*What you are asked to do:* Reproduce from the records below, with no pictures, exactly the lines between the one containing "林鐵處派員檢查修復轉轍器。(林鐵處提供)" and the one containing "Để chuẩn bị", inclusive.

*Dataset extract:*
━━━━━━━━━━━━━━━━━━━━━━━━━━━━━━

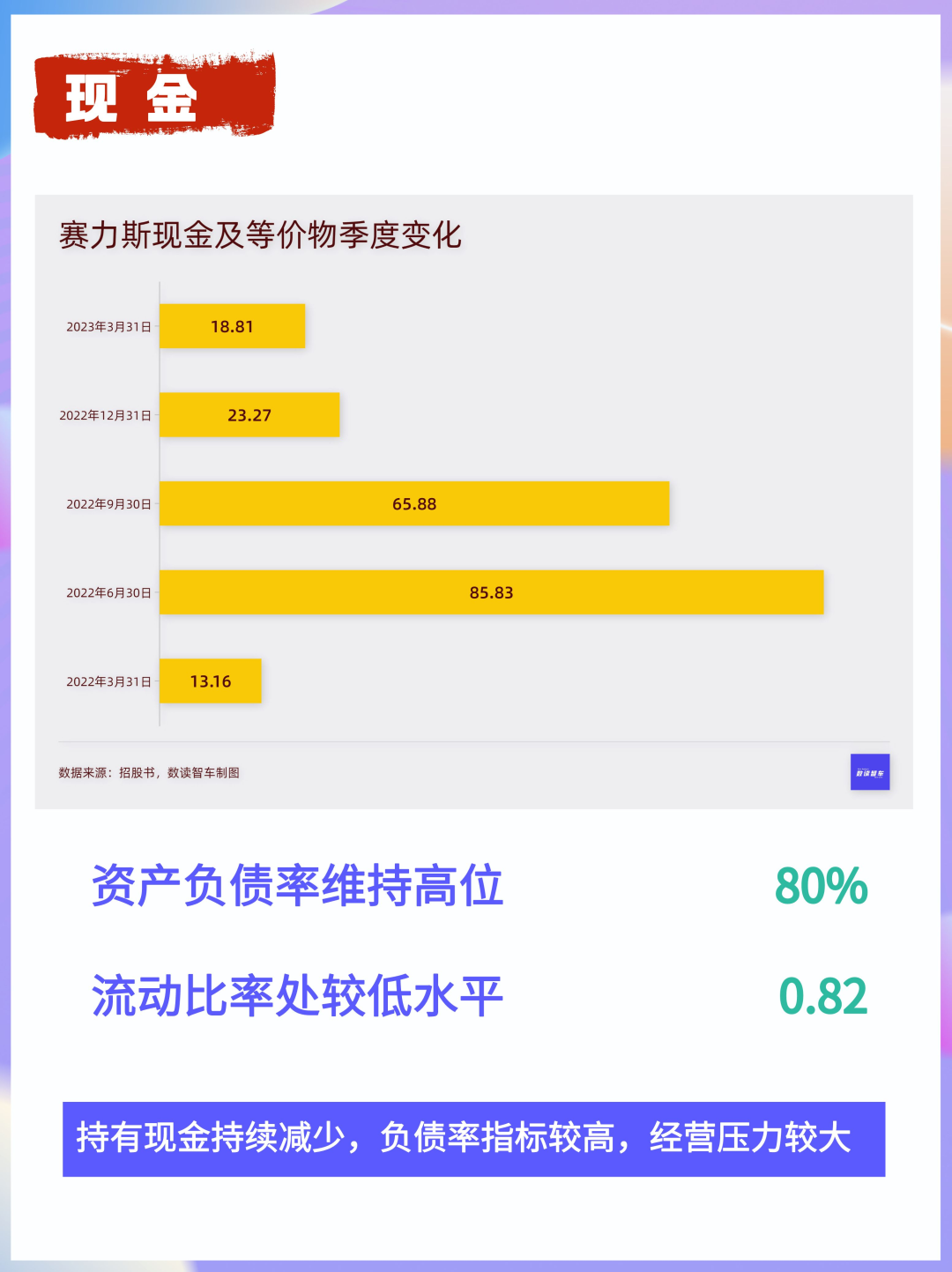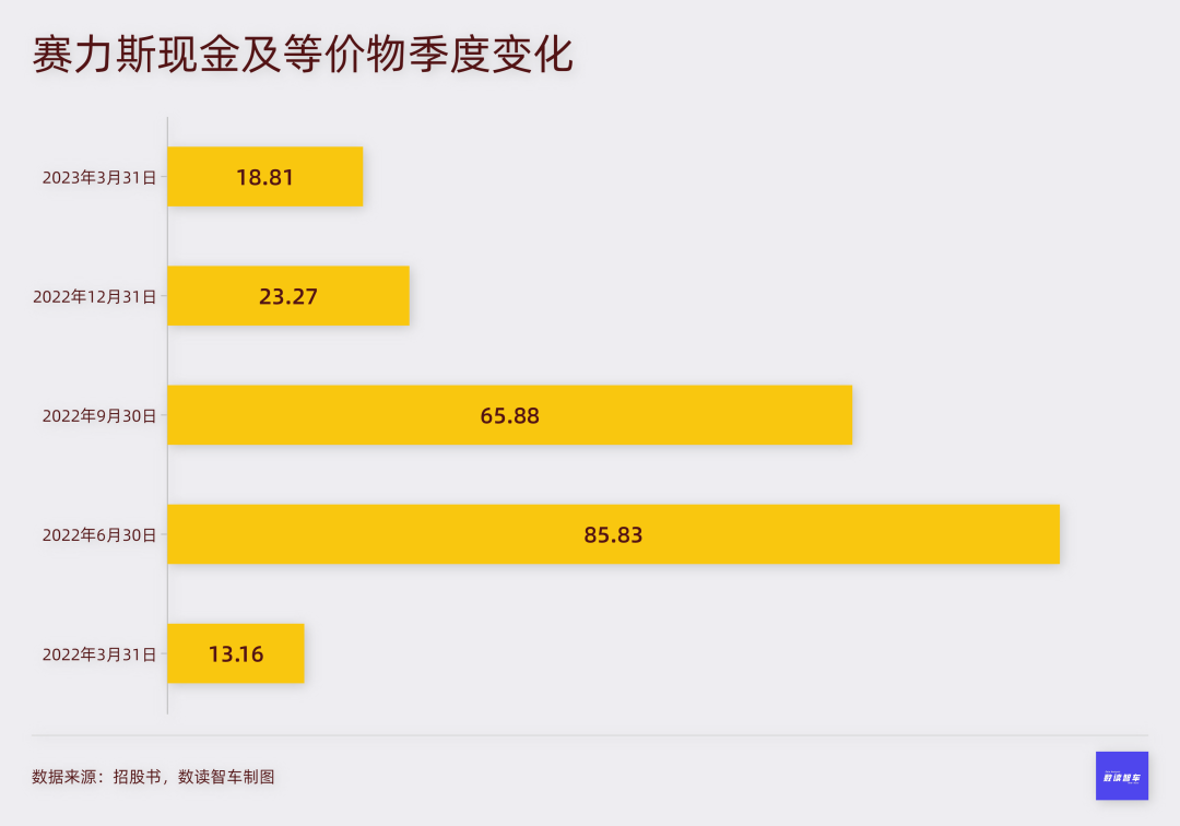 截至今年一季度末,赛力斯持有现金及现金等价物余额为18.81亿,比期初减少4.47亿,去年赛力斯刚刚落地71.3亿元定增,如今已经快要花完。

━━━━━━━━━━━━━━━━━━━━━━━━━━━━━━

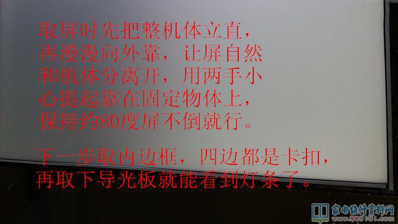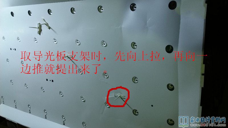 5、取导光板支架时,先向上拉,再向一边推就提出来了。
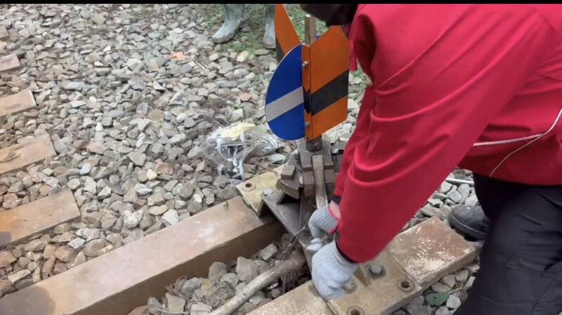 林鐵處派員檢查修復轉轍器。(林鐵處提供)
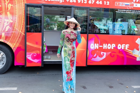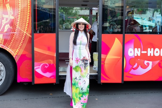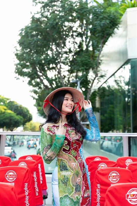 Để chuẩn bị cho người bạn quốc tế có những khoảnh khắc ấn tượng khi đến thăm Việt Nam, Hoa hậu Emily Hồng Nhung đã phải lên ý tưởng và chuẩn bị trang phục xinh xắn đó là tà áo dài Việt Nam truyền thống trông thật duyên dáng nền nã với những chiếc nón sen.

━━━━━━━━━━━━━━━━━━━━━━━━━━━━━━

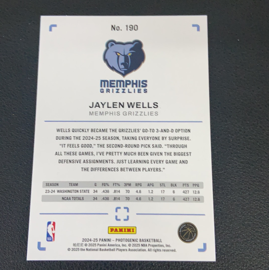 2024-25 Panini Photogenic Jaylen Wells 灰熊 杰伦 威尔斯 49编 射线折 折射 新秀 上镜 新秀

━━━━━━━━━━━━━━━━━━━━━━━━━━━━━━

*Answer to this exercise:*
 林鐵處派員檢查修復轉轍器。(林鐵處提供)
 Để chuẩn bị cho người bạn quốc tế có những khoảnh khắc ấn tượng khi đến thăm Việt Nam, Hoa hậu Emily Hồng Nhung đã phải lên ý tưởng và chuẩn bị trang phục xinh xắn đó là tà áo dài Việt Nam truyền thống trông thật duyên dáng nền nã với những chiếc nón sen.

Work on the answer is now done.